I was one of the first to start scalp cooling with Paxman and the first one to successfully finish. I am still undergoing treatment every three weeks, and it is both inspiring and heartwarming to see women with hair hanging onto their Paxman kits. If I find it appropriate, I try to encourage the women I see and let them know it does work. With a proud smile, I tell them, I did it, and I am so glad I did.

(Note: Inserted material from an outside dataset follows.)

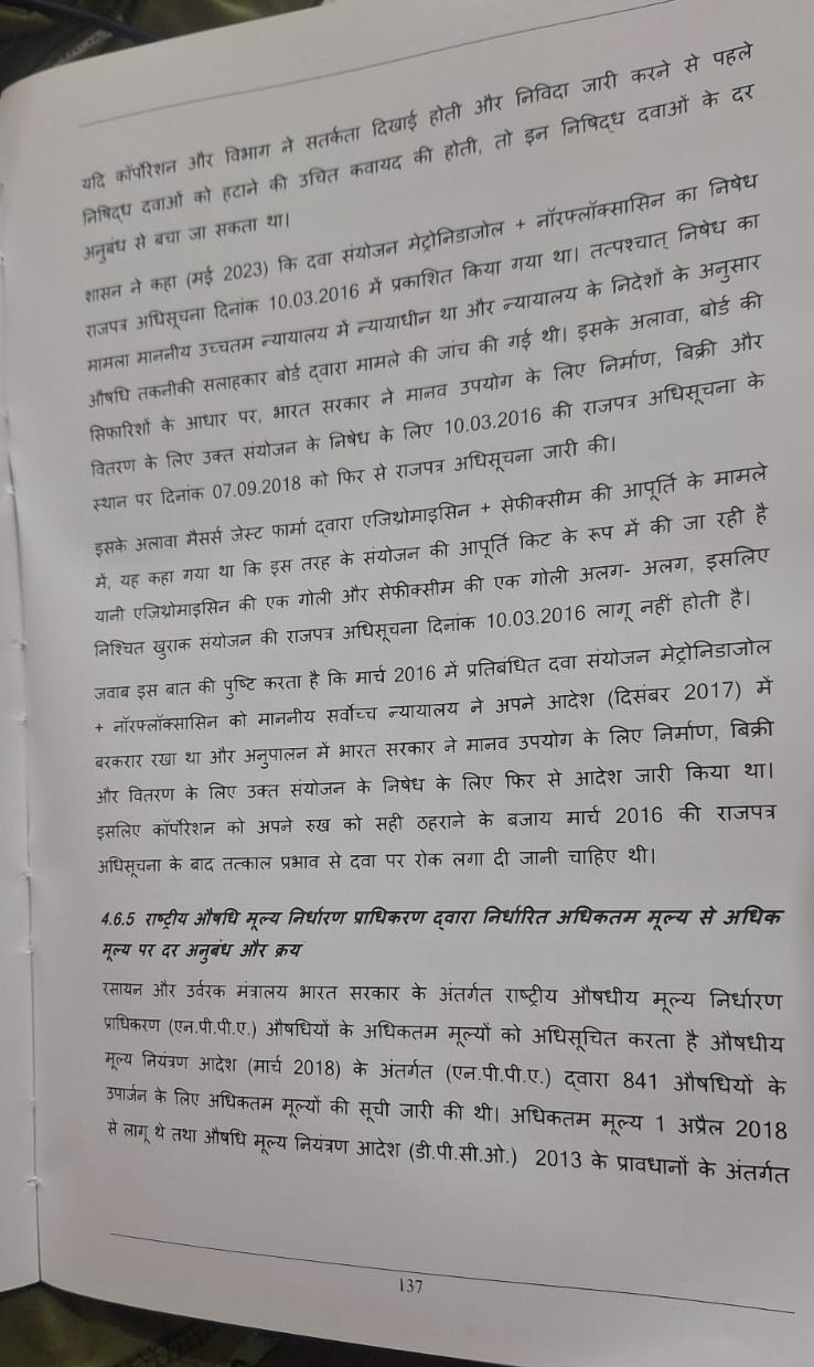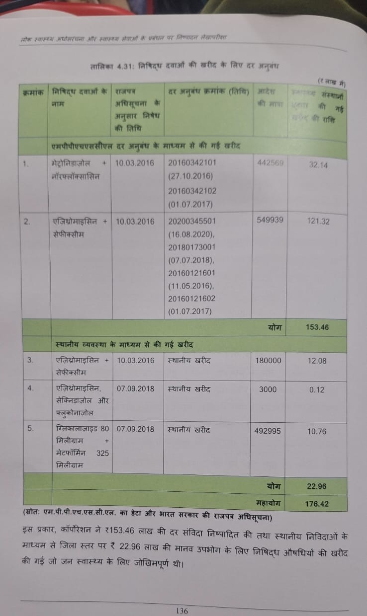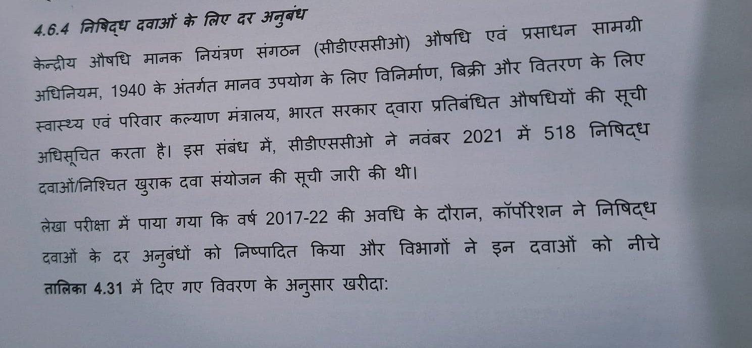 कैग की 2024-2025 की रिपोर्ट में ये बताया गया है कि "जिन 518 दवाओं को भारत सरकार के स्वास्थ्य एवं परिवार कल्याण मंत्रालय ने बैन कर दिया था. कैग कि रिपोर्ट ये बताती है कि 2017 से 2022 के बीच में निगम ने इन्ही प्रतबंधित दवाओं के लिए इन दवा कंपनियों से 153.46 लाख का अनुबंध तय किया और जिला स्तर पर लोकल टेंडर के जरिए 22.96 लाख रुपए की दवाओं की खरीद भी कर डाली. उन दवाओं की खरीद जो कि मानव उपभोग के लिए पूरी तरह से प्रतिबंधित थी.

With each passing week I babied my hair with few washes, minimum products and zero styling. I hated how greasy and stringy it looked but rejoiced that I had dirty hair to complain about. I didn’t wear hats, I didn’t put it up, I washed it ever so gently and used a wide tooth comb brushing it from the bottom up. I created a cold capping book of conduct that is available on my personal blog.Even though the weeks seemed to go on forever, and my treatments ran very long, I would do it again for twice the amount of time knowing I would save most of my hair.I saved about 60%, and if it wasn’t for my pale skin and numerous skin rashes no one would know I was in treatment.Six months later, on my wedding day, as I looked in the mirror and saw myself stronger and healthier, I was not reminded of my past year. When I walked down the aisle to my smiling and very handsome groom, I was overwhelmed by the love and dedication he has shown me throughout this process. I am forever thankful to Paxman and my cold cap—not only for allowing me to continue fighting, but most of all for ensuring my wedding day was as I had always envisioned it would be. Unlike all the other times, cancer didn’t steal the show…our love did.